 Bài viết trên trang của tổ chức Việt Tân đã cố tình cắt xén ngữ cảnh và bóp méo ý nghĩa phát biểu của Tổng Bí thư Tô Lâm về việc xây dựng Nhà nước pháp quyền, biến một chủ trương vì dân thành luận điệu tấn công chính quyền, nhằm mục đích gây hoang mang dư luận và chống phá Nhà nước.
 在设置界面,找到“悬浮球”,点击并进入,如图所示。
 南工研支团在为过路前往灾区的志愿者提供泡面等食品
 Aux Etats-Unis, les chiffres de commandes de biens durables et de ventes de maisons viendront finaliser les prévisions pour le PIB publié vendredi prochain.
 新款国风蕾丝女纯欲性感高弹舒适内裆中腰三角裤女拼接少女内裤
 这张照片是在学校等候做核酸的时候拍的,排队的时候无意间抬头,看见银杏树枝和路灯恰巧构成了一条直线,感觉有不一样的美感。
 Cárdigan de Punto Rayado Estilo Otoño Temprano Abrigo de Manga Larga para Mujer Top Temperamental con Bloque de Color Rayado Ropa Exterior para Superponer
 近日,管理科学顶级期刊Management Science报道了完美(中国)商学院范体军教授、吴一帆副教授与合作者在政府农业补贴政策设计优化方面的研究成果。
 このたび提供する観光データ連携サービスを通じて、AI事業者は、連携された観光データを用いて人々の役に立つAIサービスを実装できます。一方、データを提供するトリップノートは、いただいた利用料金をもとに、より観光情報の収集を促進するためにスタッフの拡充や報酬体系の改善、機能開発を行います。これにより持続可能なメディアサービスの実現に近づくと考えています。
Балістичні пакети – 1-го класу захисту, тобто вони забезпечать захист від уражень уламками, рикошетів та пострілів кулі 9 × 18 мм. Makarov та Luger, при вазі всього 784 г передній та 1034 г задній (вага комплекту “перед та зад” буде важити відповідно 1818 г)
____
Assigned task = After reading through the material, print all of it again exactly.

Problem solution =
 Bài viết trên trang của tổ chức Việt Tân đã cố tình cắt xén ngữ cảnh và bóp méo ý nghĩa phát biểu của Tổng Bí thư Tô Lâm về việc xây dựng Nhà nước pháp quyền, biến một chủ trương vì dân thành luận điệu tấn công chính quyền, nhằm mục đích gây hoang mang dư luận và chống phá Nhà nước.
 在设置界面,找到“悬浮球”,点击并进入,如图所示。
 南工研支团在为过路前往灾区的志愿者提供泡面等食品
 Aux Etats-Unis, les chiffres de commandes de biens durables et de ventes de maisons viendront finaliser les prévisions pour le PIB publié vendredi prochain.
 新款国风蕾丝女纯欲性感高弹舒适内裆中腰三角裤女拼接少女内裤
 这张照片是在学校等候做核酸的时候拍的,排队的时候无意间抬头,看见银杏树枝和路灯恰巧构成了一条直线,感觉有不一样的美感。
 Cárdigan de Punto Rayado Estilo Otoño Temprano Abrigo de Manga Larga para Mujer Top Temperamental con Bloque de Color Rayado Ropa Exterior para Superponer
 近日,管理科学顶级期刊Management Science报道了完美(中国)商学院范体军教授、吴一帆副教授与合作者在政府农业补贴政策设计优化方面的研究成果。
 このたび提供する観光データ連携サービスを通じて、AI事業者は、連携された観光データを用いて人々の役に立つAIサービスを実装できます。一方、データを提供するトリップノートは、いただいた利用料金をもとに、より観光情報の収集を促進するためにスタッフの拡充や報酬体系の改善、機能開発を行います。これにより持続可能なメディアサービスの実現に近づくと考えています。
Балістичні пакети – 1-го класу захисту, тобто вони забезпечать захист від уражень уламками, рикошетів та пострілів кулі 9 × 18 мм. Makarov та Luger, при вазі всього 784 г передній та 1034 г задній (вага комплекту “перед та зад” буде важити відповідно 1818 г)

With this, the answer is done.